Dataset items:
________________

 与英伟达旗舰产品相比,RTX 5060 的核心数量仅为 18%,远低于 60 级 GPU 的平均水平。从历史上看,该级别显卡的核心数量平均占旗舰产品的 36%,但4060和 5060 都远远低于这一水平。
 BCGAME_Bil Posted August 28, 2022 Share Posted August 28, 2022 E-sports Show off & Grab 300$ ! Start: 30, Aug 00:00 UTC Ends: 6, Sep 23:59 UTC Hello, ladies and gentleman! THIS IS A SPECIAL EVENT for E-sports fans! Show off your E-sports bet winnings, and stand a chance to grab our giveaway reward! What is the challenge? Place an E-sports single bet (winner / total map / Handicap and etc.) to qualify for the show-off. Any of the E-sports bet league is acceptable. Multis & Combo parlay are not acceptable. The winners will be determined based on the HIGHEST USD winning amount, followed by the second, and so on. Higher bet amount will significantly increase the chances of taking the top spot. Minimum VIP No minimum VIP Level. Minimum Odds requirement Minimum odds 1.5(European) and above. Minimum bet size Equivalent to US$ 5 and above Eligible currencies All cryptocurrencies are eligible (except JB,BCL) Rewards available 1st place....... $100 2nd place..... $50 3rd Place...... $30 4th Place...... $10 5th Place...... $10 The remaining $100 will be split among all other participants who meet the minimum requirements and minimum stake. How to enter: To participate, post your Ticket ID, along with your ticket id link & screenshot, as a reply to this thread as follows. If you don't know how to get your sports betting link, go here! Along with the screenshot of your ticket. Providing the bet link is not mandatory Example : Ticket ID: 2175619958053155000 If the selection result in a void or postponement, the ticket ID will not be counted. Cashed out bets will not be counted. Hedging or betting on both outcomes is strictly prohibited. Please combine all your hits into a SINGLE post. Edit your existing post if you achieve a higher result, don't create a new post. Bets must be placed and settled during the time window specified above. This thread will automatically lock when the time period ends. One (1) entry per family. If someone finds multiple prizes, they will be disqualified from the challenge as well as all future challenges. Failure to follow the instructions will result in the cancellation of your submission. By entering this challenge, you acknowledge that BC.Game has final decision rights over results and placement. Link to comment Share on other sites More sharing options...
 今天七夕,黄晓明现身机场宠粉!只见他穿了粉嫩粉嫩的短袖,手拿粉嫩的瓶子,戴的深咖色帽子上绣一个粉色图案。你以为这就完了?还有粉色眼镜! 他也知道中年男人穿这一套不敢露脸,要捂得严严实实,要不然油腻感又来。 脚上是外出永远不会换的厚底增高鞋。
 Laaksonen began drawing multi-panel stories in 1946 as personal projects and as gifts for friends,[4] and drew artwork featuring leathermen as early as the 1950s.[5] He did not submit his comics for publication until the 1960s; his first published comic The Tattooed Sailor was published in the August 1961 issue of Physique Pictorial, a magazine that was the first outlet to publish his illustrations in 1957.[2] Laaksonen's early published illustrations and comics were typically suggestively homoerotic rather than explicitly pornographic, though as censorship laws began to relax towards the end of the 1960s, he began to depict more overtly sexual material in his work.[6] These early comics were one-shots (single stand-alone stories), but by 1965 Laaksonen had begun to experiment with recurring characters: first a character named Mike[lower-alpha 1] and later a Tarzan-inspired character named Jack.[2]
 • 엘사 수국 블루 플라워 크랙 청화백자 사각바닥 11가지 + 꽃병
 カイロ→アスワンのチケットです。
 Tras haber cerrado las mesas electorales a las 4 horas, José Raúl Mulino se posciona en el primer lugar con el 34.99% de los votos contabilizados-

________________

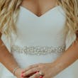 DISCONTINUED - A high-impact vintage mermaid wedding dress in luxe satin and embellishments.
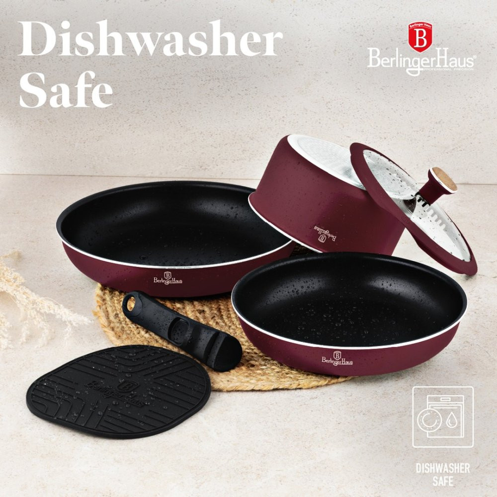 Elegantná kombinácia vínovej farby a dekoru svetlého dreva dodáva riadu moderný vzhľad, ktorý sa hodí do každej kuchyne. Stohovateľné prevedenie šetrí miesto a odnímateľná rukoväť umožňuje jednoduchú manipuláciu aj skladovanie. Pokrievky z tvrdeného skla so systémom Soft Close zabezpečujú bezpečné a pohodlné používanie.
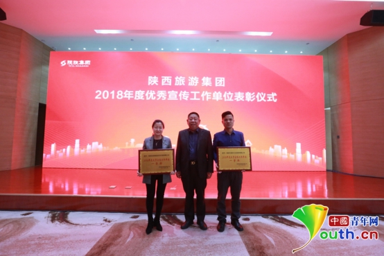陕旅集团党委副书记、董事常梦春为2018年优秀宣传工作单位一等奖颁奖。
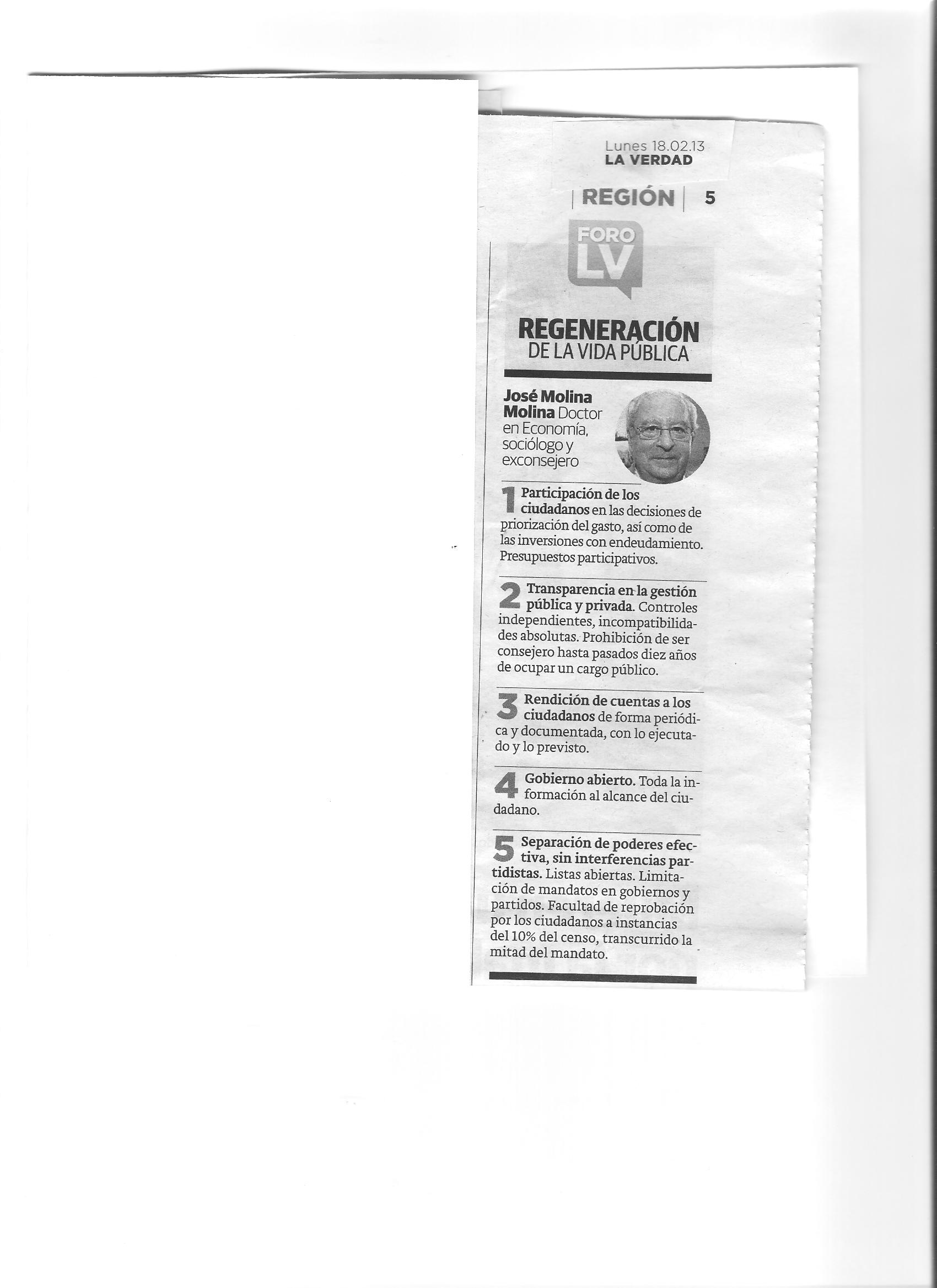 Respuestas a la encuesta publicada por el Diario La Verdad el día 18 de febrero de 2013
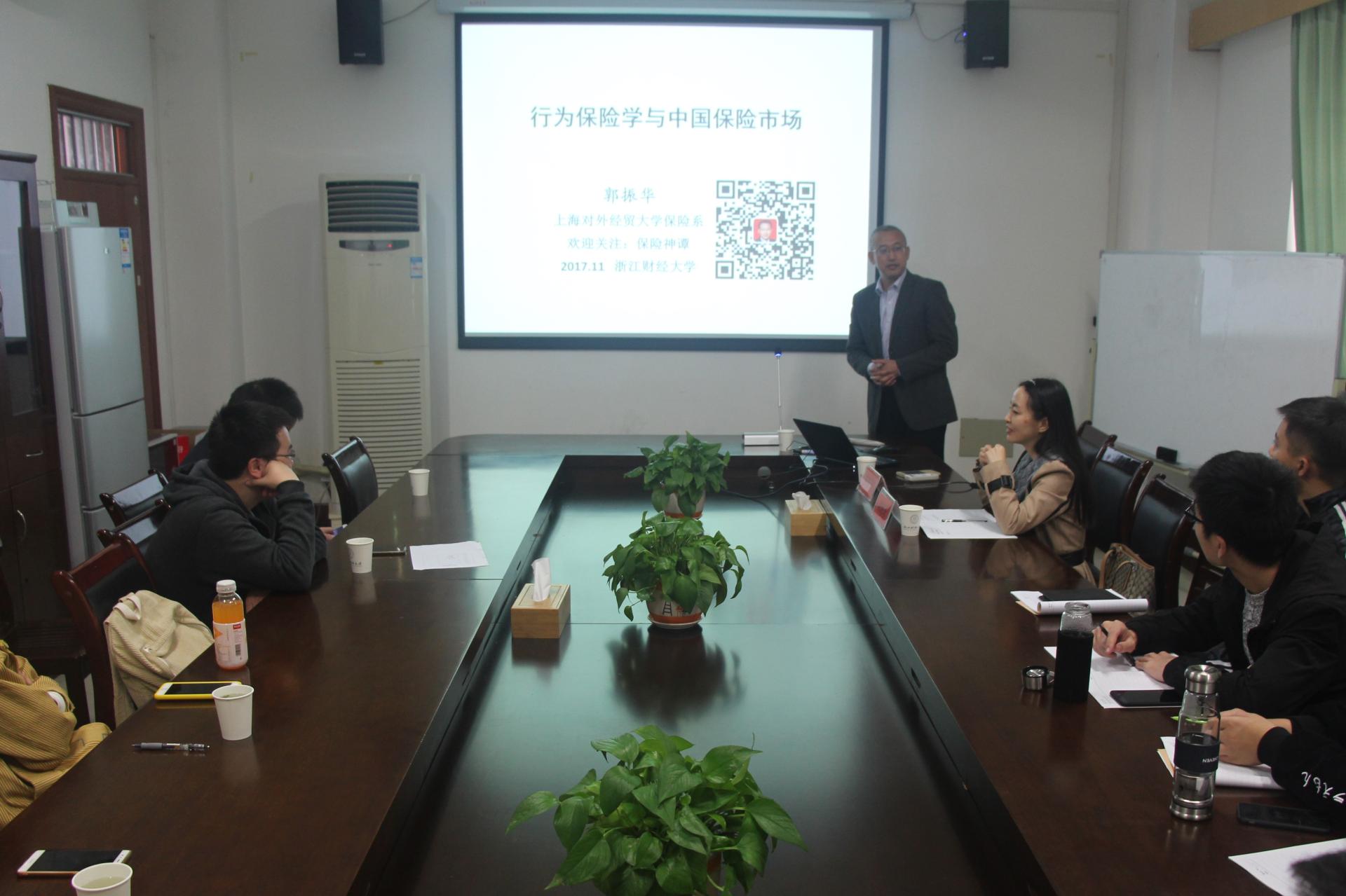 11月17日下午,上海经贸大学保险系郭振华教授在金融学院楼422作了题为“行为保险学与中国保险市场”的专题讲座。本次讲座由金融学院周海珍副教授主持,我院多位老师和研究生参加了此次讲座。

________________

● **WHAT YOU HAVE TO DO**
Repeat, without pictures, exactly the lines of the data above from the one containing "Respuestas a la" through the one containing "11月17日下午,上海经贸大", including both and adding nothing.

● **YOUR SOLUTION**
 Respuestas a la encuesta publicada por el Diario La Verdad el día 18 de febrero de 2013
 11月17日下午,上海经贸大学保险系郭振华教授在金融学院楼422作了题为“行为保险学与中国保险市场”的专题讲座。本次讲座由金融学院周海珍副教授主持,我院多位老师和研究生参加了此次讲座。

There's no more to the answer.